For eight years, Knollenberg, a 66-year-old insurance agent, has represented Michigan’s 11th District, containing western and southern Oakland County and a chunk of Livonia and Redford. This area is affluent, but hardly nut-right territory. It votes for Carl Levin; Bill Clinton solidly beat Bob Dole here last time, and in a more telling statistic, Jennifer Granholm squeaked through by a few hundred votes.

Yet the district also has voted for Knollenberg by heavy margins, in part because he looks and seems inoffensive. That is, until you study his voting record.

“We intend to expose the myth that he is a moderate,” Frumin says. That shouldn’t be hard, if anyone pays attention. T.J. smiles genially, but votes hard right. He opposed the Family and Medical Leave Act, the Patient’s Bill of Rights, and takes big bucks from the insurance lobby. He opposes virtually anything designed to put the slightest check on gun nuts, from the Brady Bill to the Assault Weapons Ban.

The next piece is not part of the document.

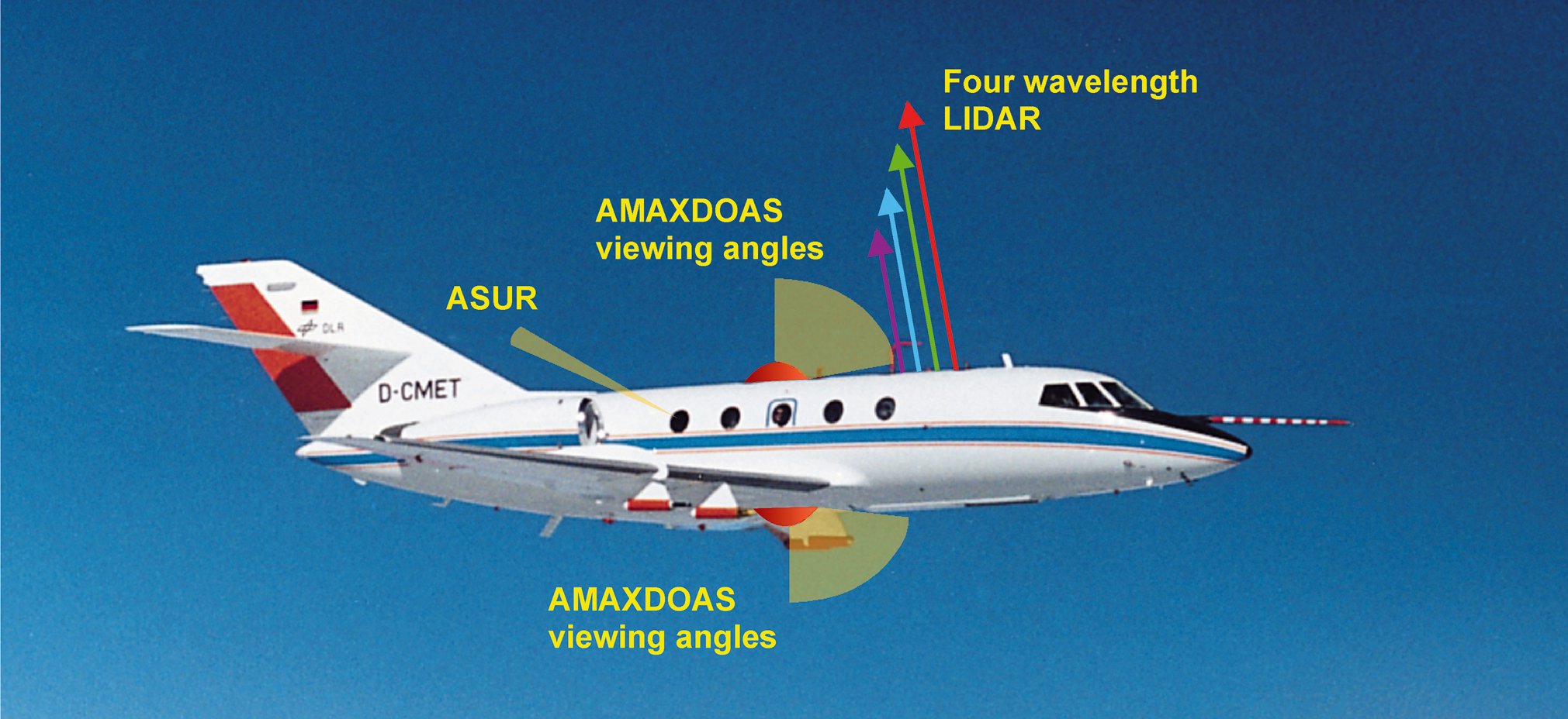 Falcon aircraft with the viewing directions of the validation instruments. (image: Fix et al. 2005) |

Good old Joe even received a “dishonorable mention” from Republicans for Environmental Protection, and, naturally, opposed John McCain’s campaign finance reform proposal. Nor is that all. Saint Joe is a right-wing Roman Catholic who can always be counted on to try to limit or repeal a woman’s right to choose.

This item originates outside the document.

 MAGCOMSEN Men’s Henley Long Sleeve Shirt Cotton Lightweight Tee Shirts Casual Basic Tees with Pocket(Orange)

He has voted for school prayer and vouchers and for deep cuts in aid to public education. His presence in Congress, by the way, is one of the anti-abortion lobby’s more successful stealth efforts. When Broomfield tottered off stage in 1992, two pro-choice Republicans, David Honigman and Alice Gilbert, spent a fortune beating each other’s brains out in the primary. Right-to-life quietly backed Knollenberg, who won that election with 43 percent. He’s never been seriously challenged since. Two years ago, Knollenberg spent $1 million to get 64 percent against a 25-year-old lawyer, who spent $16,294. Four years ago, in a more interesting match, a retired physician, outraged at T.J.’s attitudes toward health care, took him on. The elderly doctor, not in the best of health, was ignored by the media and was outspent 20-1. Naturally, he lost too. That man, Morris Frumin, was the current candidate’s dad. Matthew knows it takes money to win, more than the $31,000 his dad budgeted. This time, he’s raised $135,000; if he can get to $300,000 or so, he thinks he may have a shot. Indeed, he would like to win this one for Morrie, and not just for himself. Matthew Frumin’s big issues are environment, gun safety, and, perhaps especially, prescription drug coverage for seniors. Not long ago, he met an ailing 99-year-old woman at a rally in Redford. What was her big issue? “Education,” she said. What about her medications, the candidate asked. “Well,” she told him, “I don’t take my pills anymore.” Sure, they help with the pain, but she just can’t afford them. This, in one of the most affluent areas of the planet, in AD 2000. That makes both Frumins mad. “If you aren’t outraged,” the old saying goes, “you aren’t paying attention.” You can bet Toilet Joe is hoping we sit on our tushies till Nov. 8. His future depends on it. Ours may depend on whether voters are willing to give him a flush. Anyone interested in a campaign where you may make a difference might check out www.frumin2000.com or call his headquarters: 248-626-9461.

 

True colors and the NRA: You know the National Rifle Association would howl if the cops blew away some white militia supporter on his front porch, whatever their excuse. Naturally, the cops say Dwight Turner was pointing his gun at them. But others say Turner, a law-abiding autoworker on vacation, was just trying to shoot a vicious stray dog. In any case, we haven’t heard a peep out of the NRA. Couldn’t be because Turner was a black man who lived in Detroit, could it? Just checking.